To induce CSR to IgE, we cultured freshly isolated human tonsil B cells with IL‐4 and anti‐CD40 antibody. We confirmed that our intracellular IgE staining correctly identifies IgE+ cells in our cultures using an antibody against the long form of membrane IgE (mIgEL), which recognizes an epitope on the extramembrane proximal domain (EMPD) of mIgEL that is absent from secreted IgE 28 (Fig. S1).

We found that the capacity of tonsil B cells to undergo CSR to IgE in response to IL‐4 and anti‐CD40 is donor dependent but independent of their reported allergic status. The variation in CSR to IgE is exemplified by the FACS plots from two typical tonsil B‐cell cultures, one yielding a ‘low’ and the other a ‘high’ percentage of IgE+ B cells by day 12 of the culture (Fig. 1A). The yields of IgE+ B cells were more variable between tonsils than those of IgG+ B cells (Fig. 1B). To gain an understanding of this variability, we characterized the B‐cell preparations giving rise to IgE+ cells that fell within the first quartile (low‐switched) and the third quartile (high‐switched) of the distribution (Fig. 1B). At the outset of cell cultures, we examined the percentages of B cells expressing all five Ig classes and found there was no variability, between the low‐switched and high‐switched cultures, in the number of B cells expressing any of the Ig classes (Fig. 1C). IgE+ cells were not detectable.

Figure 1

Induction of CSR to IgE is highly variable in tonsil B‐cell cultures. (A) Intracellular staining of IgE and IgG on day 12 of a total B‐cell culture that yielded low levels (low‐switched) and high levels of IgE+ (high‐switched) B cells. (B) IgE+ and IgG+ cell percentages on day 12 of culture. The dotted line on the IgE+ cell graph indicates the first quartile (Q1 < 7%; low‐switched) and the third quartile (Q3 > 21%; high‐switched). (C) FACS was used to determine the starting frequencies of each Ig class in tonsil B cells prior to culture. Data represent the mean of percentages ± SD of low‐switched (n = 8) and high‐switched (n = 8) B‐cell cultures.

The frequency of eGC and memory B cells predicts the capacity of tonsil B cells to undergo CSR to IgE

B cells in human lymphoid tissue are known to be heterogeneous in composition 19. Thus, we examined whether the starting proportions of naïve, eGC, GC, and memory B cells and plasmablasts (PBs) might correlate with the yield of IgE+ B cells at the end of culture. Figure 2A and B demonstrates that the frequency of eGC B cells was significantly greater (P < 0.0001) and the frequency of memory B cells significantly lower (P < 0.0001) in the high‐switched compared to the low‐switched cultures. The starting frequencies of naïve and GC B cells and PBs were similar between these cultures. Accordingly, the percentage of IgE+ cells on day 12 of the culture was positively correlated with the percentage of eGC B cells (r = 0.79, P < 0.0001) and negatively correlated with the percentage of memory B cells at the start of the culture (r = −0.73, P < 0.0002) (Fig. 2C).

Figure 2

The starting frequency of eGC and memory B cells is predictive of CSR to IgE. Surface staining of CD27 and CD38 on purified tonsil B cells was used to assess the proportions of naïve, eGC, GC, and memory B cells and plasmablasts at the outset of culture. Representative FACS plots from low‐ and high‐switched cultures are shown in (A), and the data showing the mean (±SD) from low‐switched (n = 8) and high‐switched (n = 7) cell cultures are summarized in (B). (C) Correlation of day 12 IgE+ cell percentages with day 0 memory and eGC B‐cell percentages. Correlation analysis was performed using Spearman's rank correlation coefficient (***P < 0.001).

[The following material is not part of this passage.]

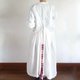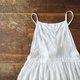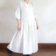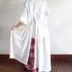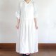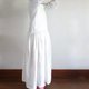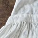 纯白色麻制成的低腰围裙连身裙,带有大量褶皱。

eGC and GC B cells exhibit the poorest survival but yield the highest percentage of IgE+ cells

We next compared the capacity of naïve, eGC, GC, and memory B cells to undergo CSR to IgE. The four B‐cell subsets were purified by FACS and cultured, alongside unfractionated total tonsil B cells, with IL‐4 and anti‐CD40 (Fig. S2). We observed that the cell viability was relatively poor in the GC and eGC cultures, compared to the memory and naïve B‐cell cultures, with the unfractionated cells resulting in the expected intermediate yields (Fig. 3A). The increased cell death in eGC and GC cells was directly proportional to the expression levels of FAS (CD95) (Fig. 3B), a marker associated with cell death 29.

Figure 3

eGC and GC B‐cell cultures yield the highest percentage of IgE+ cells. (A) After 7 days in culture with IL‐4 and anti‐CD40, we determined, using a live/dead fixable dead stain kit in combination with the side and forward side scatter gating, the cell viability of the B‐cell cultures. (B) Fold change of MFI of anti‐FAS‐stained cells relative to naïve B cells. (C) FACS dot plots showing the intracellular staining of IgE+ and IgG+ cells after 7 days of CSR culture. (D) Percentage of IgE+ and IgG+ cells as determined by FACS analysis of the intracellularly stained day 7 naïve, memory, eGC, GC, and total B‐cell cultures. (E) IgE secretion and IgG secretion on day 7 of the cultures were analyzed by ELISA. Data represent the mean ± standard error of mean (SEM) and show the amounts of secreted IgE and IgG [ng/ml] (*P < 0.05, **P < 0.01, ***P < 0.001).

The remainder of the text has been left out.